**Action item**.
Output the first line of the listing and each line after it, up to and including the line that contains "党纪学习教育党课讲稿:坚定信念恪守党纪.docx", exactly as written, minus the pictures.

**Records provided**.
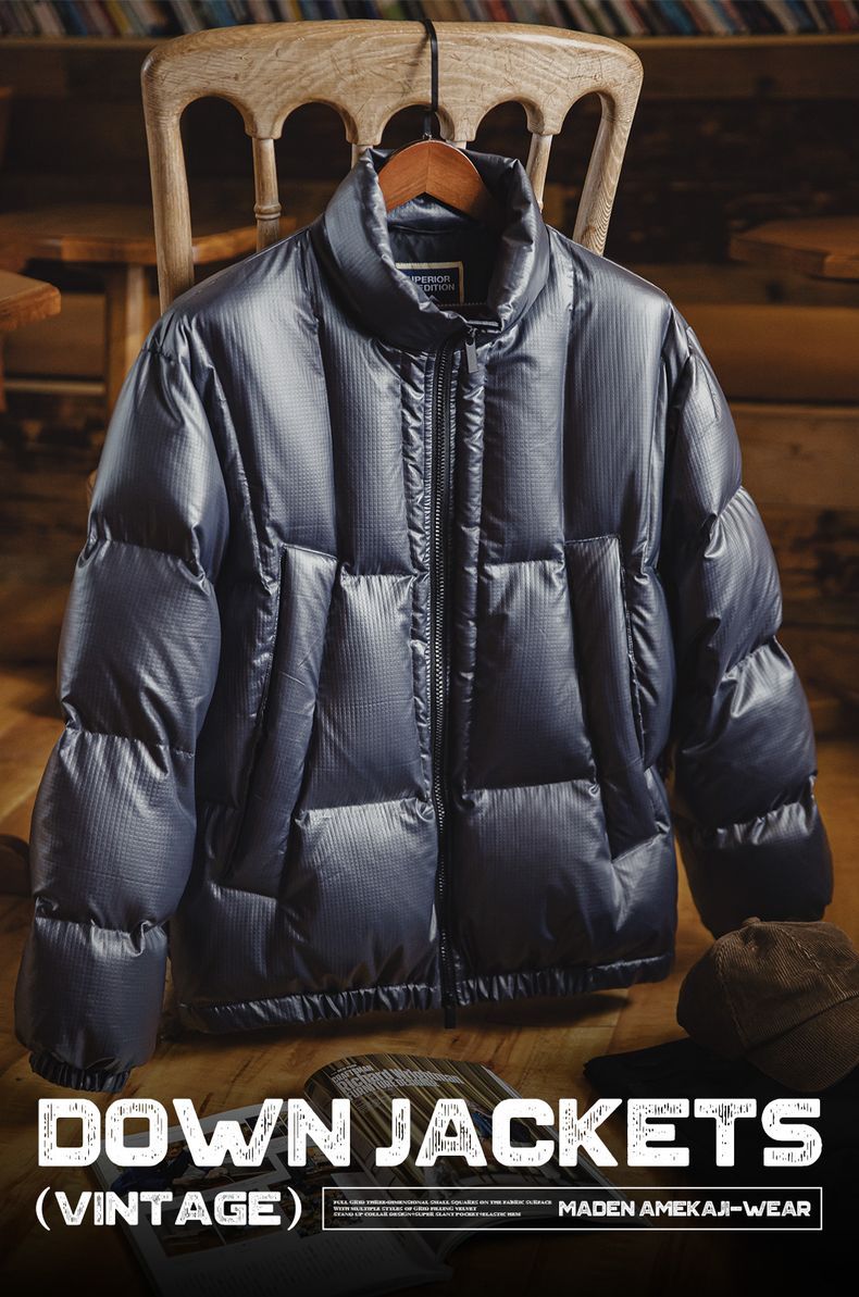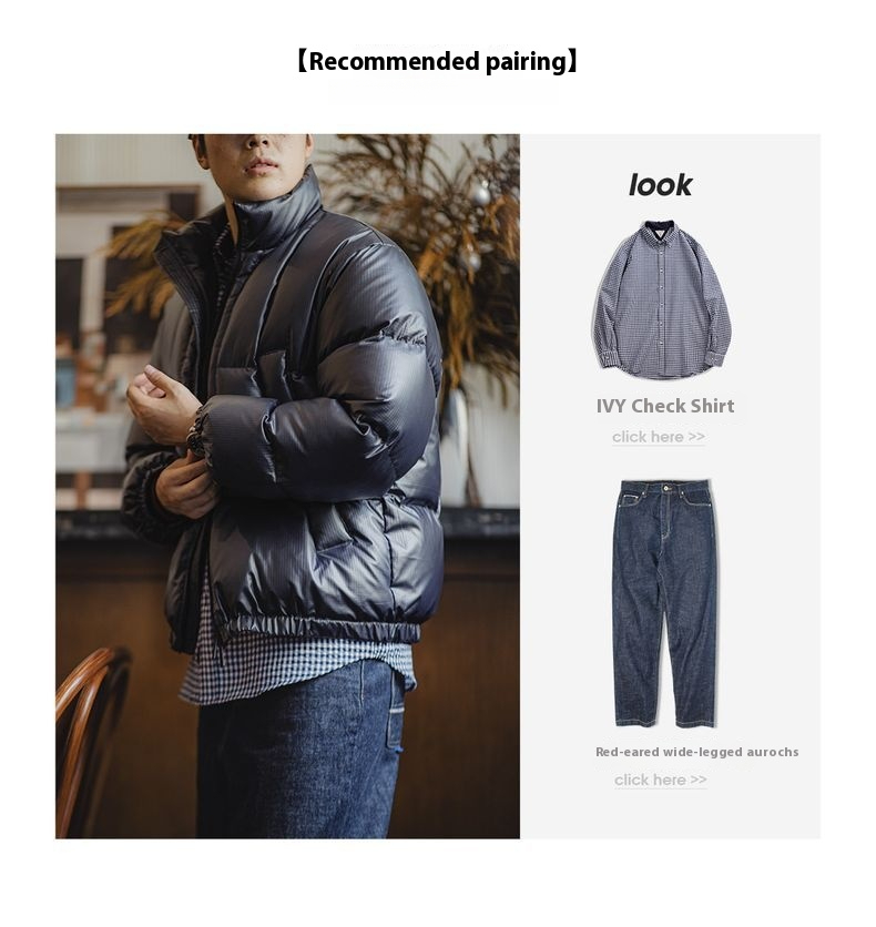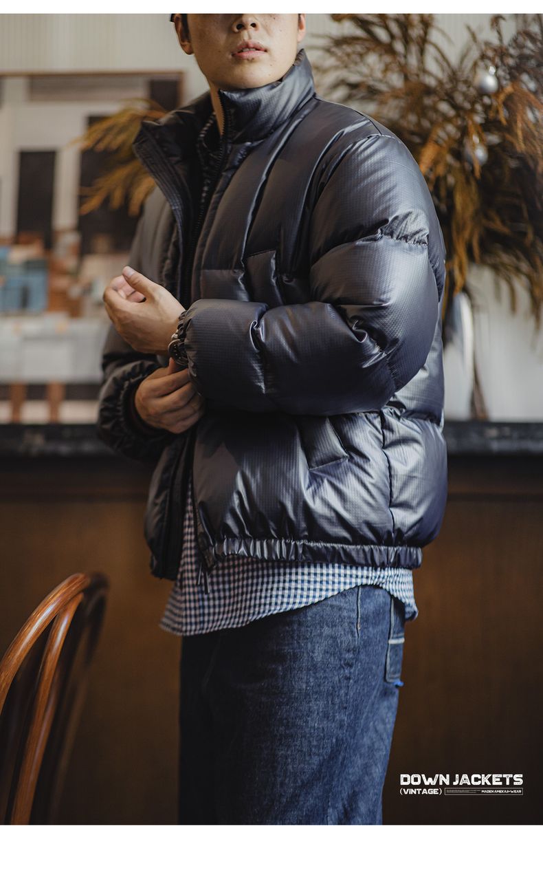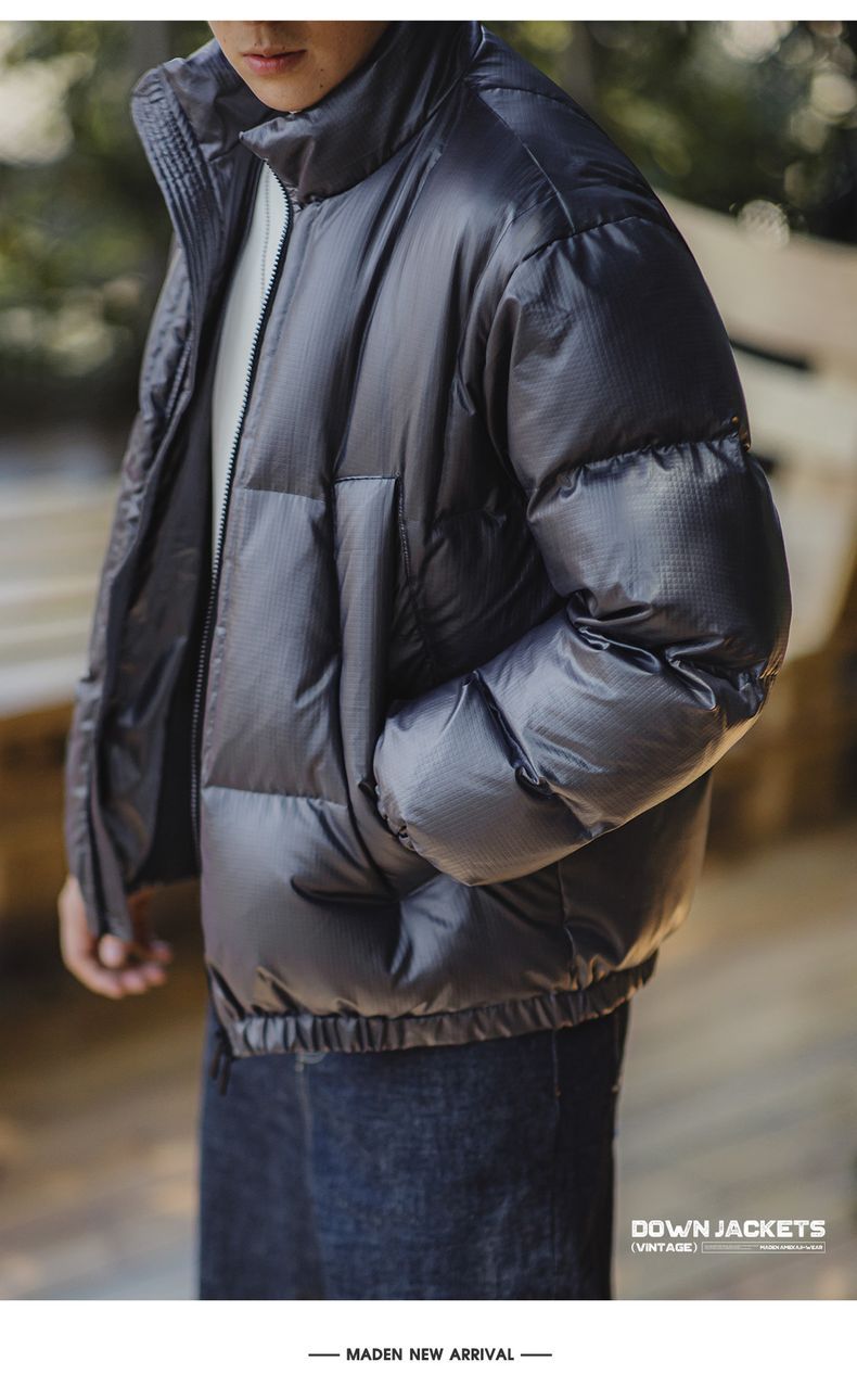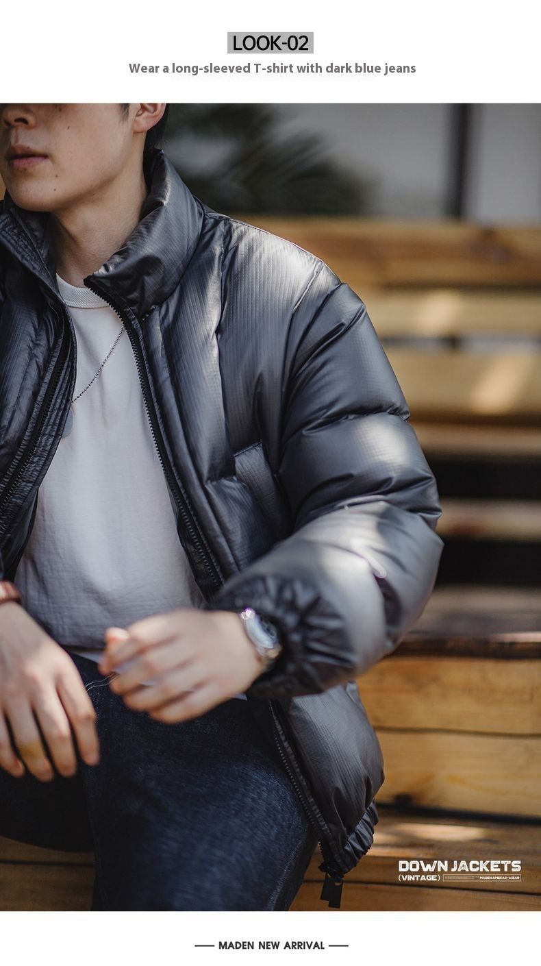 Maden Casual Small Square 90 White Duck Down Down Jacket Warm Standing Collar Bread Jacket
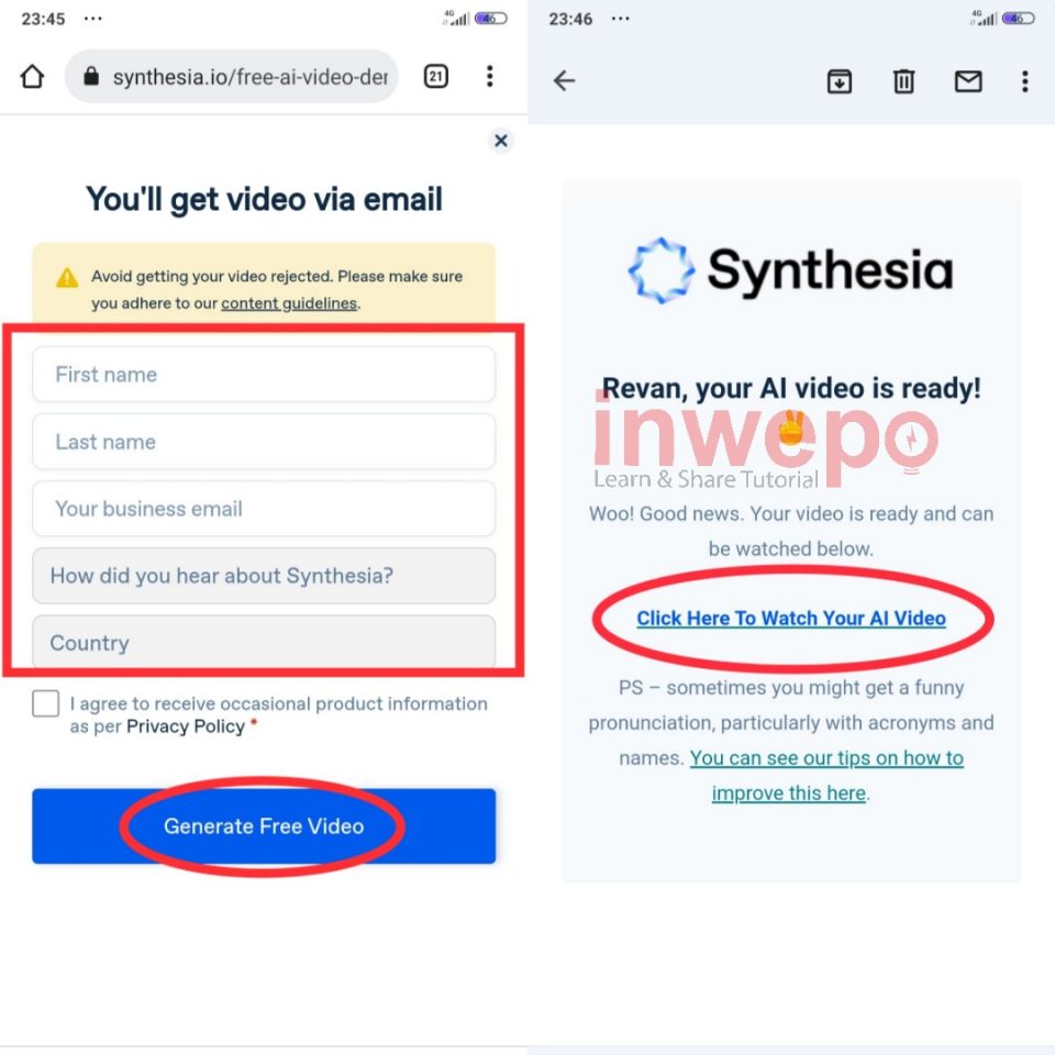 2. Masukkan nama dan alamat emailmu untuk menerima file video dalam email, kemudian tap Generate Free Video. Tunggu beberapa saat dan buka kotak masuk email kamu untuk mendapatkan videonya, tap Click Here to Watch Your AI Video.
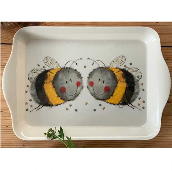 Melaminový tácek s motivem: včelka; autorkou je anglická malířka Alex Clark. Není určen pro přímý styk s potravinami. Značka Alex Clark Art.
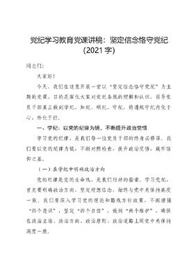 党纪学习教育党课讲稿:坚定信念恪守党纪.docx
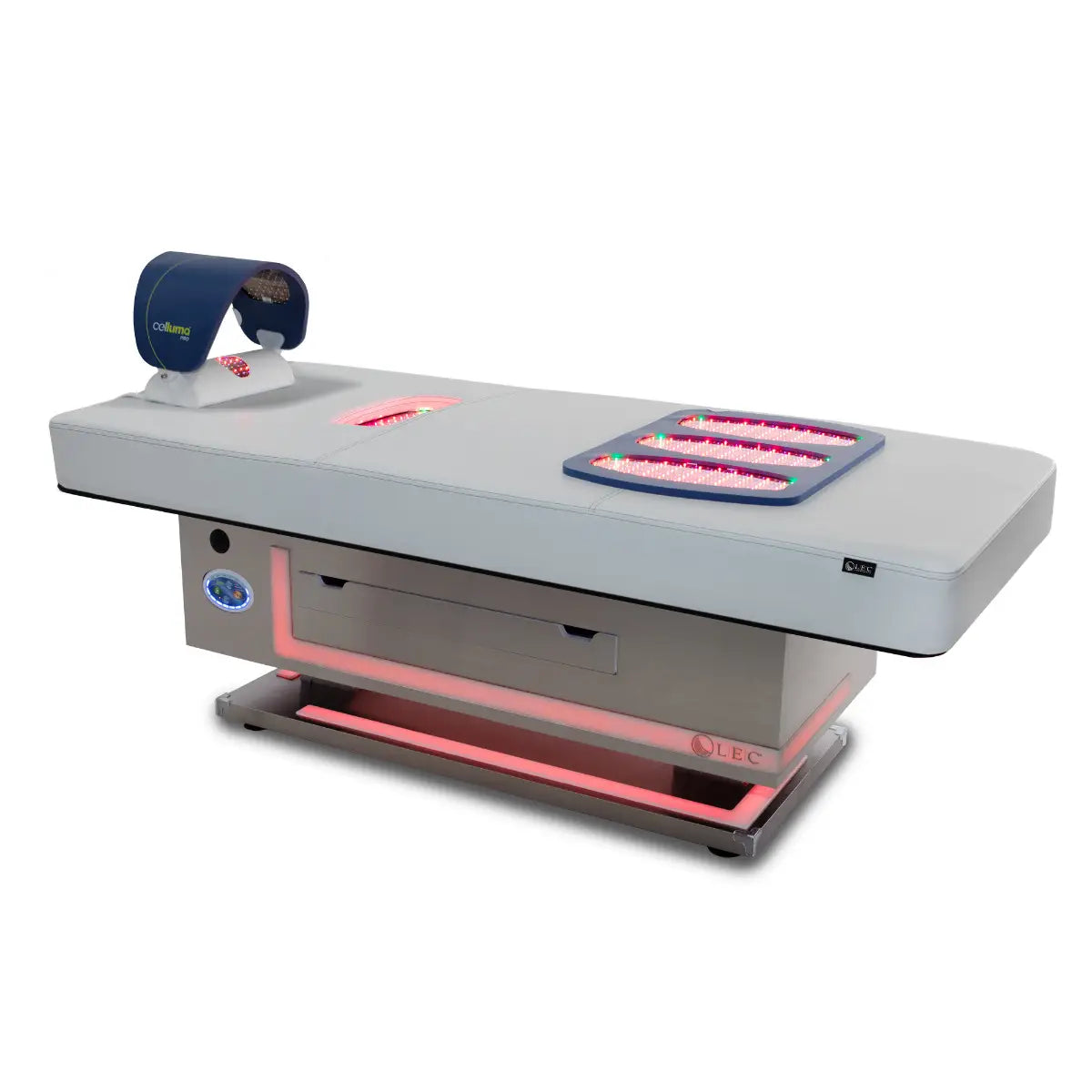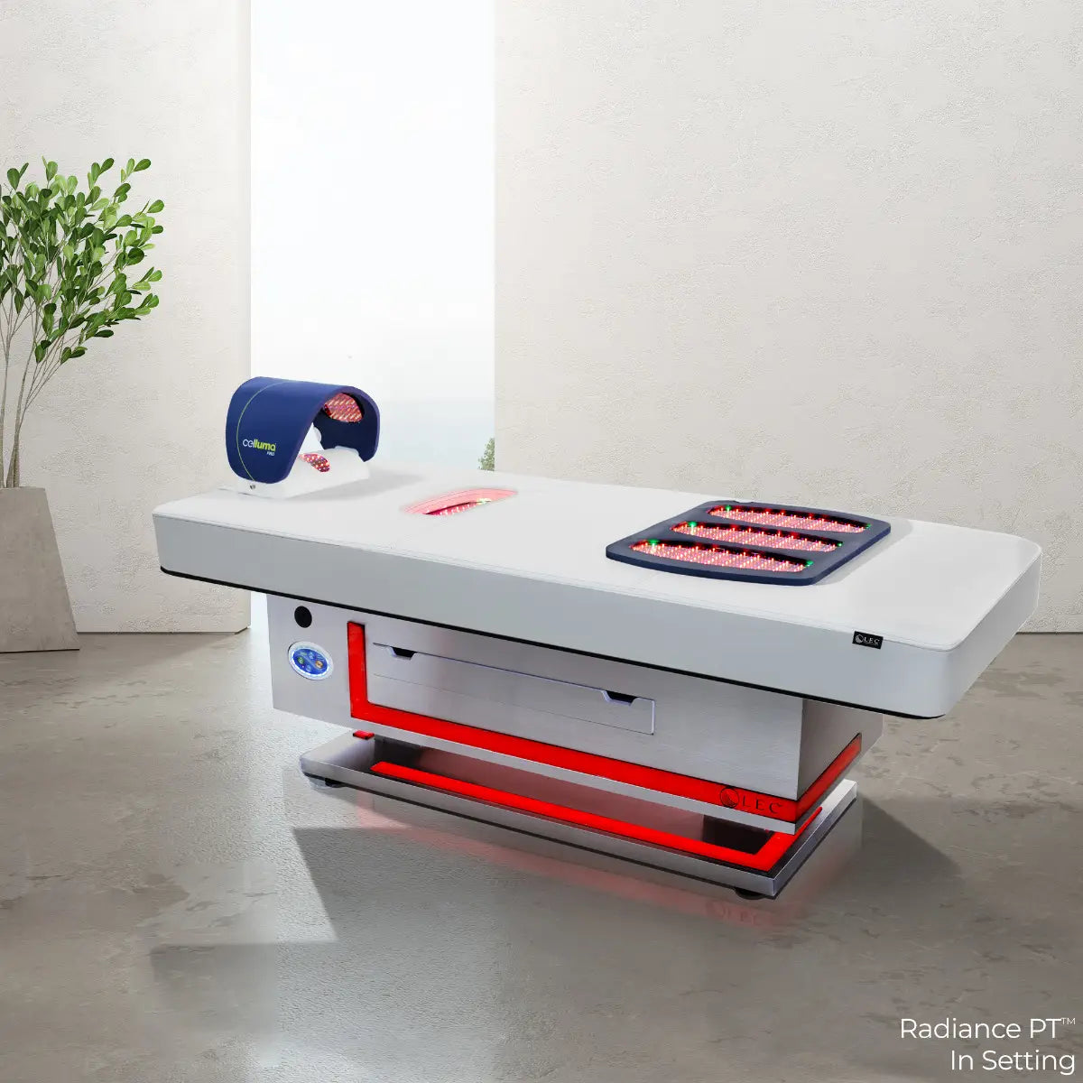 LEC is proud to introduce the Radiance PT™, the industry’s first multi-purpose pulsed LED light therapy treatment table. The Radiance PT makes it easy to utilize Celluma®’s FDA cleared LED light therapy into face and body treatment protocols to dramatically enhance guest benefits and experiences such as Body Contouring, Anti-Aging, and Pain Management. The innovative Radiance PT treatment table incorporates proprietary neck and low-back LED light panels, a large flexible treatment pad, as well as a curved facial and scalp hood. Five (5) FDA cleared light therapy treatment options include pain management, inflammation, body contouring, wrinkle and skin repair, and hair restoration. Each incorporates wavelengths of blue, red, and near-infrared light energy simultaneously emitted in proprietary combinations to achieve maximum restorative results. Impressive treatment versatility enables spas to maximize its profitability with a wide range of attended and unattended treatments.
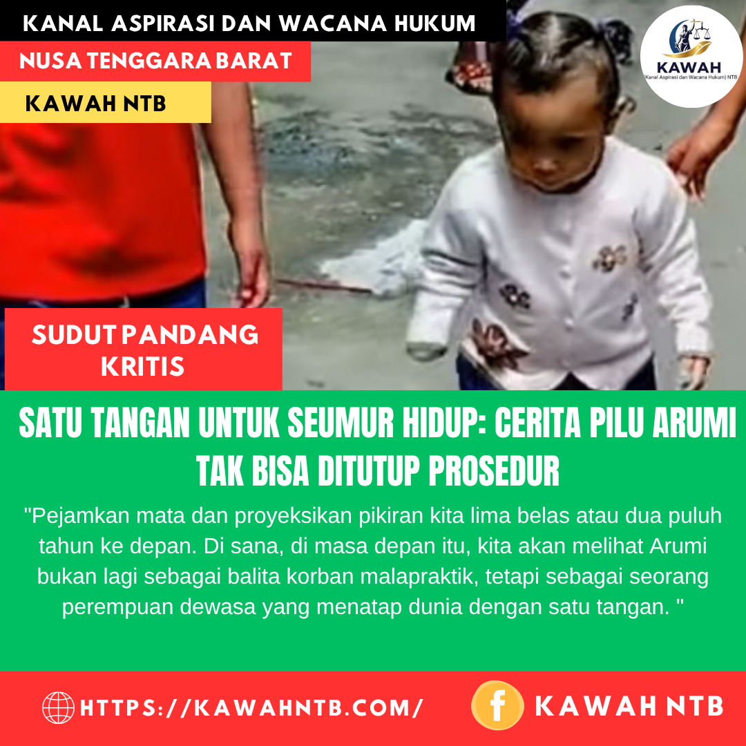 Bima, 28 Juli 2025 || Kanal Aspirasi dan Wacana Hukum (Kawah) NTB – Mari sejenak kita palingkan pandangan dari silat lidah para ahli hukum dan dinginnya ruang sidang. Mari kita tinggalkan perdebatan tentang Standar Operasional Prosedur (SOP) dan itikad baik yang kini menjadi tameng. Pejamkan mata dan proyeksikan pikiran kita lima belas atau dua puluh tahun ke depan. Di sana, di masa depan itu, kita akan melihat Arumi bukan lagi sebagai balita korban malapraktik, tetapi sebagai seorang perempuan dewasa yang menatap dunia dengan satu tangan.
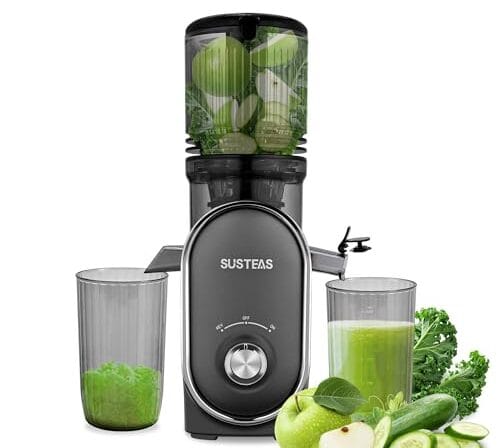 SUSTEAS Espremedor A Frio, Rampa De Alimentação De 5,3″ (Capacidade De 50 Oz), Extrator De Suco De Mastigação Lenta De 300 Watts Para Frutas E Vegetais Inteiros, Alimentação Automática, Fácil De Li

**Written answer**.
 Maden Casual Small Square 90 White Duck Down Down Jacket Warm Standing Collar Bread Jacket
 2. Masukkan nama dan alamat emailmu untuk menerima file video dalam email, kemudian tap Generate Free Video. Tunggu beberapa saat dan buka kotak masuk email kamu untuk mendapatkan videonya, tap Click Here to Watch Your AI Video.
 Melaminový tácek s motivem: včelka; autorkou je anglická malířka Alex Clark. Není určen pro přímý styk s potravinami. Značka Alex Clark Art.
 党纪学习教育党课讲稿:坚定信念恪守党纪.docx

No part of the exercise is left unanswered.